Sammanfattning: Integrated landscape approaches are increasingly called for to reconcile multiple objectives from the perspectives of agriculture, forestry, poverty alleviation and biodiversity conservation. Sudano-Sahelian West Africa with low agricultural productivity and widespread poverty is a hotspot for these issues and has attracted international interest in interventions to improve livelihoods. However, integrated knowledge on links between landscapes and livelihoods is scarce. This thesis examines the landscape-livelihoods link using ecosystem services as a lens. In the conceptual framing of the thesis, ecosystem services are seen as co-produced in social-ecological landscapes where ecosystem services and their contribution to livelihoods are defined both by social and biophysical processes. The thesis includes two papers addressing parts of the conceptual framework. Paper I synthesises knowledge of how woody vegetation as a landscape component contributes to ecosystem services. It addresses the status of current scientific knowledge from the entire West African Sudano-Sahel. Through a systematic literature review the paper found that knowledge on ecosystem services from woody vegetation is scattered among several different scientific fields, with little previous attempts at synthesising this knowledge.
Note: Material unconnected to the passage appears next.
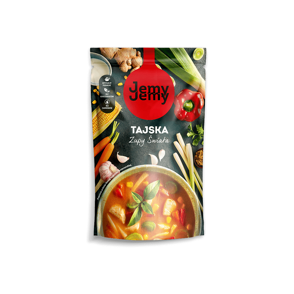 Sastāvdaļas: ūdens, dārzeņi (burkāni 13 %, paprika 3 %, sīpoli, kukurūza 2 %, puravi 2 %, bambusa dzinumi), kokosriekstu piens 8 % (kokosrieksti, ūdens), vistas gaļa 3 %, rapšu eļļa, KVIEŠU milti, tomātu pasta (tomāti, sāls), sāls, citronzāle 1,4 %, modificēta ciete, cukurs, zaļā karija pasta 0,3 % (zaļie čili pipari, citronzāle, ķiploki, sāls, galangals, GARNEĻU pasta (GARNELES, sāls), kafira laima miziņa, garšvielas: sāls, pipari), kafira laima lapas, garšvielas (koriandrs, ingvers, ķiploki), skābuma regulētājs citronskābe, antioksidants: nātrija askorbāts.Sterilizēts produkts.

Woody vegetation provides multiple services, but the effect of woody vegetation on crop yield show diverging results. Studies of landscape effects of woody vegetation are largely lacking. Paper II is based on field data from six villages in northern Burkina Faso. The paper identifies social-ecological landscape types present in the villages and the contribution of each landscape type to groups of provisioning ecosystem services and their benefits to livelihoods. Landscapes are shown to be multifunctional, where all landscape types except bare soil contribute to multiple benefit groups, and no benefit group is generated in only one landscape type. The local landscape plays an important role to compensate for cereal loss when crops fail, where most of the contribution is sold to generate income. Livestock has an important insurance function, as it is the main contributor to income when crops fail. This insurance function is important to include in analyses of interventions and management change, as loss of this function can decrease local people’s resilience to droughts in a region with highly variable rainfall.